Степан с опаской оглянулся, как будто кто-то ненароком мог подслушать нас на этой тихой и пустынной улочке Порто. Затем таинственно подмигнул мне и шепотом произнёс:

– А во-вторых, Артём – транс-свистит.

– Не понял. Через что и как он свистит? – неописуемо изумился я. (Прим. «Транс» на латыни – «через, за»).

– Да не через что свистит, а транс-свистит! – раздражённо постучал пальцем по виску мой друг, дивясь моей беспробудной тупости. – Дошло, наконец?!

– Это как? – озадаченно переспросил я. – Он что, свистит, когда находится в трансе? Или наоборот – впадает в транс, когда начинает свистеть? Да я вижу, что у тебя не родственник, а какой-то Соловей-разбойник!

– Ну, какой же ты все-таки непонятливый, Василий! – с досадой всплеснул руками Степан. – Точно, как моя чувственная, но на удивление недалёкая бывшая тёща! Да есть теперь такая модная болезнь! Ещё моднее, чем СПИД или педофилия. Это когда баба или мужик считают, что Бог по ошибке всунул им между ног вовсе не то, чего они от этой жизни заслуживают. Наконец, допендрил?

– А-а-а! – неожиданно прояснилось мое сознание. – Ты очень тонко намекаешь, что твой Артём – трансвестит?!

– Ну, ясно же, что не трансформатор! – облегчённо вздохнул гигант и, вдруг, густо покраснев, понизил голос: – И не ори ты так на всю улицу. А то вся Португалия узнает, какой у меня уникальный и эксцентричный родственничек.

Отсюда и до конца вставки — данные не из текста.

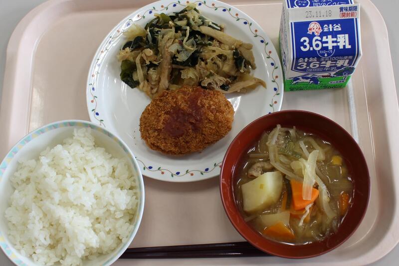 ごはん、牛乳、まぐろカツ、きのこの和風サラダ、どさん子汁
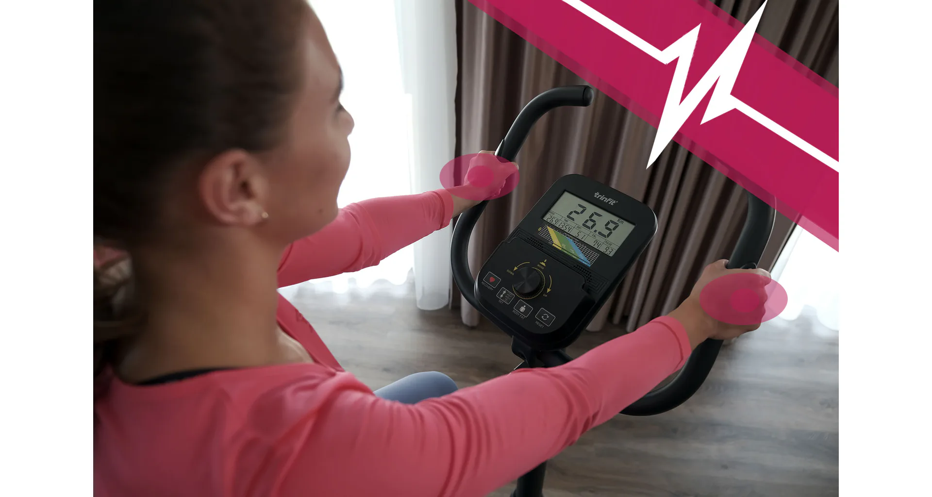 TRINFIT Vivo B400 nabízí přehledný LCD displej, který vám vyobrazí všechny základní hodnoty pro váš trénink. Umožní vám sledovat váš trénink v reálném čase pomocí dat monitorujících váš čas, vzdálenost, rychlost, spálené kalorie, otáčky za minutu a srdeční frekvenci.
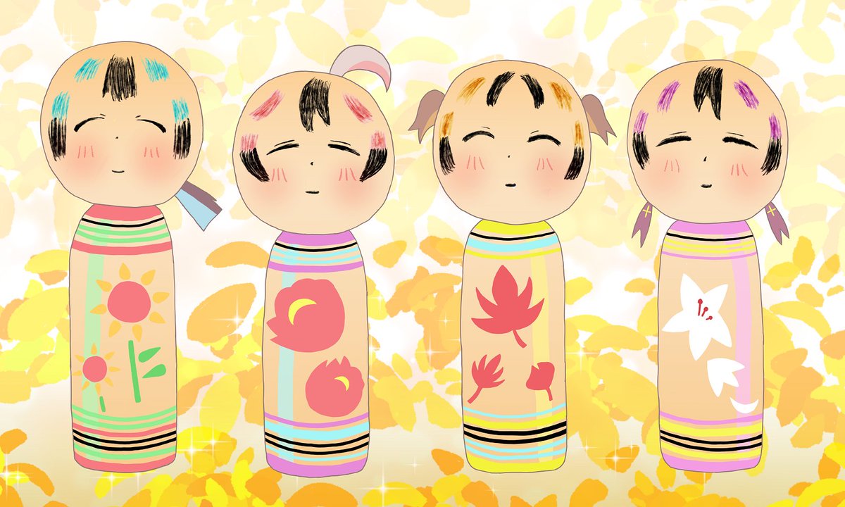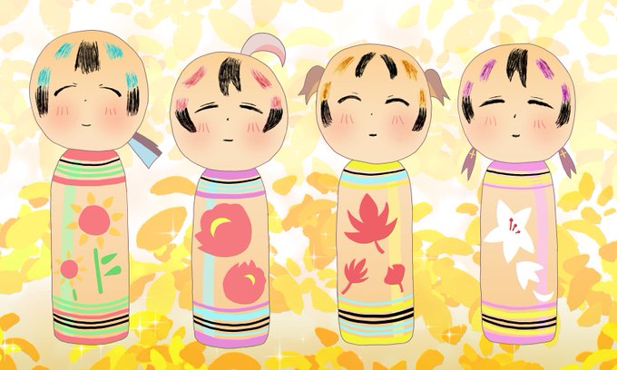 あああああああ 途中から何か違和感があるなと感じていたんですが、 いつの間にか あさひ と もみじ が逆になってしまっておりました・・・ こけし修正版をアップします #おにまいお絵描き
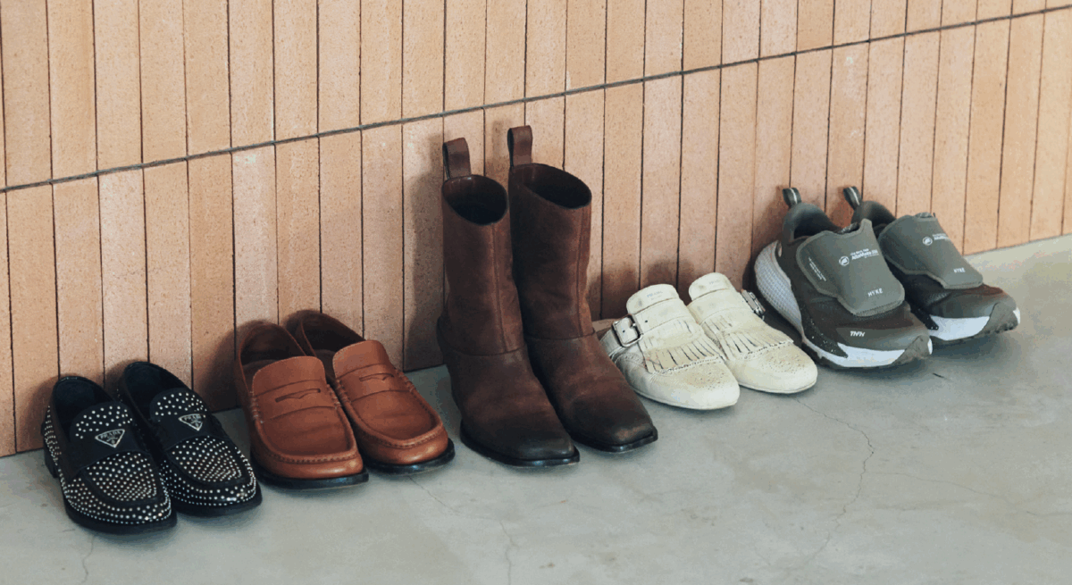 茶のローファーとブーツはロエベ、スニーカーはハイク×ノースフェイス。

– Да ведь лично тебя это абсолютно не касается, – удивлённо пожал я плечами. – Да и кто нас здесь услышит?

– Вполне возможно, что каким-то образом и касается. А даже у каменных стен и фонарных столбов есть не только глаза, но и уши, – с видом тайного заговорщика предупредил Степан.

Я тревожно оглянулся. На полутёмной улочке на первый взгляд было совершенно тихо и безлюдно. И только на противоположной стороне проезжей части у фонарного столба примостился маленький пёсик и, грациозно задрав ножку, усердно орошал чугунное основание слегка покосившегося уличного светоча. Склонив свою острую мордочку к самой брусчатке, дворняга с нескрываемым подозрением вылупила на нас свои мерцающие в ночи глазки. Очевидно, она очень опасалась, что мы можем злонамеренно помешать ей метить её законную жизненную территорию.

– Ты думаешь, нас подслушивают? – испуганно прошептал я. – Но ведь это только маленькая собачка, которая просто пришла сюда пописать.

– Маленькая-маленькая, а лужу напудила, как московская сторожевая! – подозрительно нахмурился Степан. – Бережённого Бог бережёт!